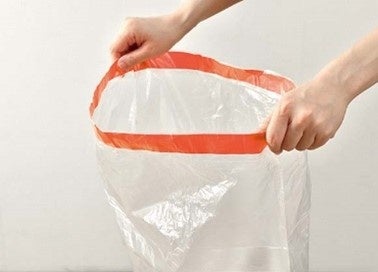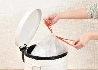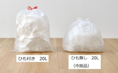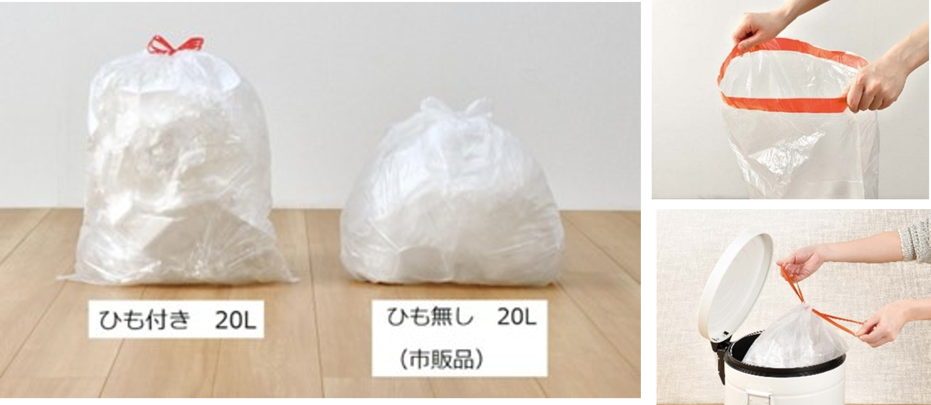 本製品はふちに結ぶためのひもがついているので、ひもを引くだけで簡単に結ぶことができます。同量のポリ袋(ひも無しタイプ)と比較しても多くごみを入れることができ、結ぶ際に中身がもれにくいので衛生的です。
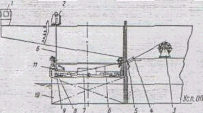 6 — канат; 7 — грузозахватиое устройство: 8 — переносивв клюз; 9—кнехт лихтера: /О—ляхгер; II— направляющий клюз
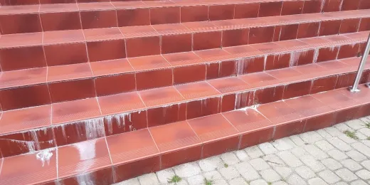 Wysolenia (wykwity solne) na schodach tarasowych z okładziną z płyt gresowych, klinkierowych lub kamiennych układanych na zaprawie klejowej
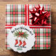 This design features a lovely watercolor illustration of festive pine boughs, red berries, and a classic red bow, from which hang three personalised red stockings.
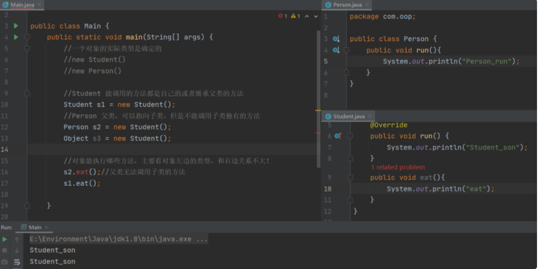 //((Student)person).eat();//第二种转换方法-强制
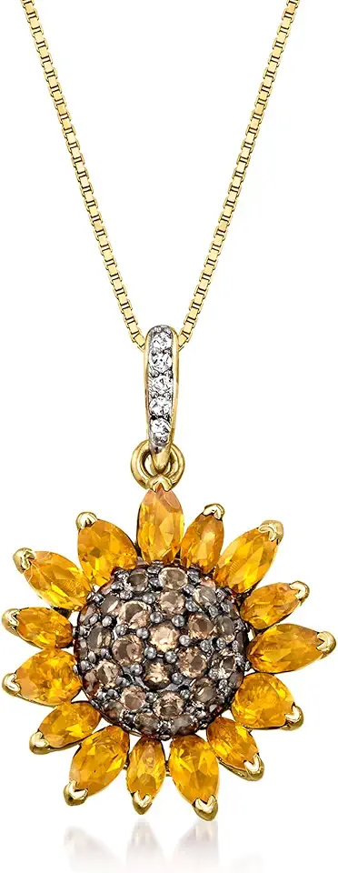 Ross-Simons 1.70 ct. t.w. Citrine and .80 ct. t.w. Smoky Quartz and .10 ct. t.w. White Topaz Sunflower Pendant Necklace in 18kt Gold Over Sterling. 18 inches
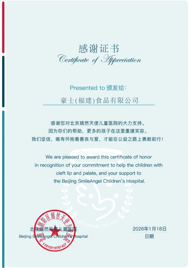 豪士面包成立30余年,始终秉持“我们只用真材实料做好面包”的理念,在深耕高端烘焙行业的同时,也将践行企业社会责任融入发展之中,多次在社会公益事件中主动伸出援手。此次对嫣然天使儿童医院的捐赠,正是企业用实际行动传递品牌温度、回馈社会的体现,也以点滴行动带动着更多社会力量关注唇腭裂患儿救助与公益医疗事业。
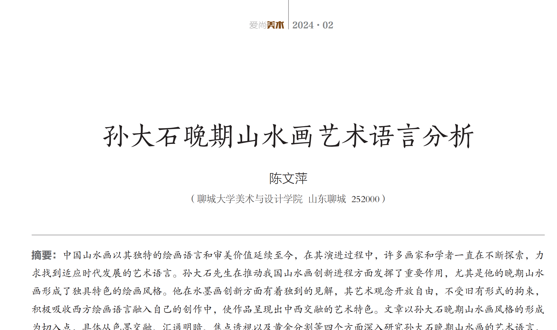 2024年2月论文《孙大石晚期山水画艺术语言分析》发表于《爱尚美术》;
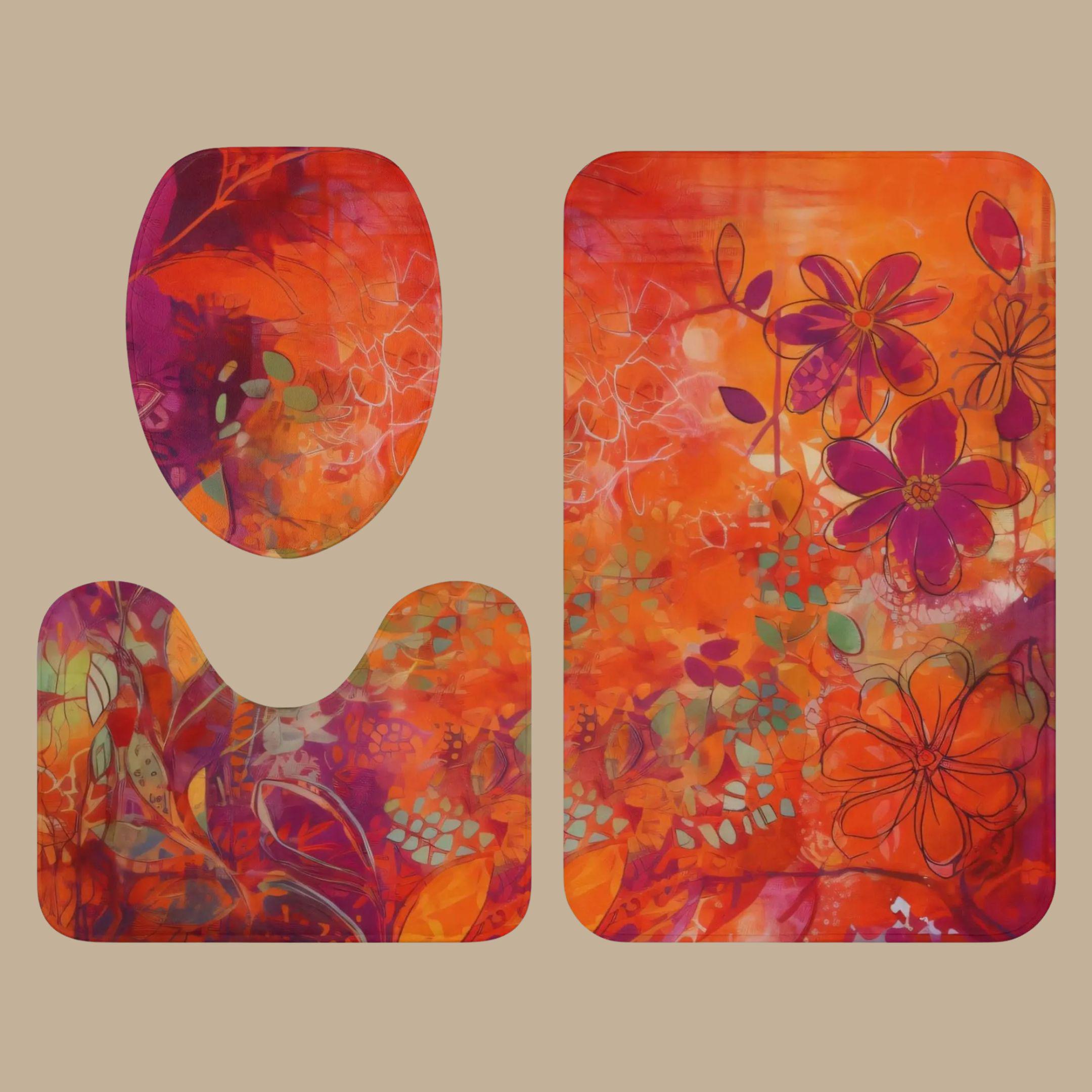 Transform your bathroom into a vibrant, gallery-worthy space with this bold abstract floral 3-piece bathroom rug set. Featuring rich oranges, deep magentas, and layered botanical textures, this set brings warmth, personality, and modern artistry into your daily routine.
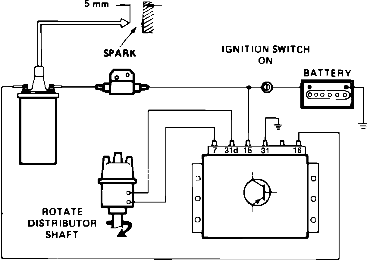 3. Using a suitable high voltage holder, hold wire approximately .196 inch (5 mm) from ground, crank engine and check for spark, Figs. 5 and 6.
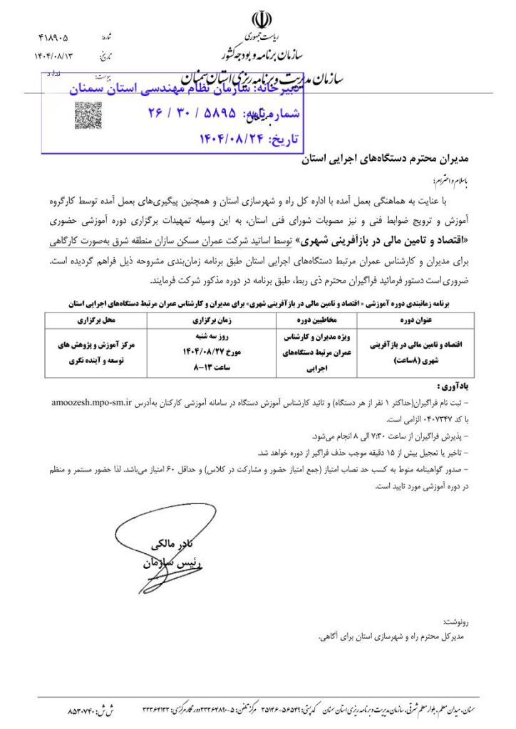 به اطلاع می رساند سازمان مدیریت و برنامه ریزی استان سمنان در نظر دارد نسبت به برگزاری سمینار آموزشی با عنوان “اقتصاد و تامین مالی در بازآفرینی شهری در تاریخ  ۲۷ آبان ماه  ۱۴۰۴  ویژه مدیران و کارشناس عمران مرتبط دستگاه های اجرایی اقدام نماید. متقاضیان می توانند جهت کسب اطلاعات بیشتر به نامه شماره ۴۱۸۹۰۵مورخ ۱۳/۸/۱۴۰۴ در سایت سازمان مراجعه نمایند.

==

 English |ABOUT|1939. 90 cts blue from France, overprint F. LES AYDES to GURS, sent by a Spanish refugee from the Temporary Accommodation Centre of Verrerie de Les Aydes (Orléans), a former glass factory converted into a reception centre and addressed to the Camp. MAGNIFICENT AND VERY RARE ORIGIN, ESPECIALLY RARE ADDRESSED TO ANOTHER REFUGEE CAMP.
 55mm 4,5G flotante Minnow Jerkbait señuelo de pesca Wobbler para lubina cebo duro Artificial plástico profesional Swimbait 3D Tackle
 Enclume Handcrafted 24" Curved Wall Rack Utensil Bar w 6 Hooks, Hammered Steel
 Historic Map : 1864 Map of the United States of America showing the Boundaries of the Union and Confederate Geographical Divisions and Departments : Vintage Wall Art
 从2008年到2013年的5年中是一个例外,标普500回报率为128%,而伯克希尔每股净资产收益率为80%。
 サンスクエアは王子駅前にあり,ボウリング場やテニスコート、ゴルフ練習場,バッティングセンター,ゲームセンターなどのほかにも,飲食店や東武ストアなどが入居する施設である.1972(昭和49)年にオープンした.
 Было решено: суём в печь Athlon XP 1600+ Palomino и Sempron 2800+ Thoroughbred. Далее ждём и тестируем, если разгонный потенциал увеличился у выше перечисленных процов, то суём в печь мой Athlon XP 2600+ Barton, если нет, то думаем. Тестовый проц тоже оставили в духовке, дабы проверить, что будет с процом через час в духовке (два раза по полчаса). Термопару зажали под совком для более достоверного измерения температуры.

- Directions:
In the listing above, find the line containing "本製品はふちに結ぶためのひも" and the line containing "6 — канат; 7", then return both of them and every line between, exactly, without pictures.

- Reply:
 本製品はふちに結ぶためのひもがついているので、ひもを引くだけで簡単に結ぶことができます。同量のポリ袋(ひも無しタイプ)と比較しても多くごみを入れることができ、結ぶ際に中身がもれにくいので衛生的です。
 6 — канат; 7 — грузозахватиое устройство: 8 — переносивв клюз; 9—кнехт лихтера: /О—ляхгер; II— направляющий клюз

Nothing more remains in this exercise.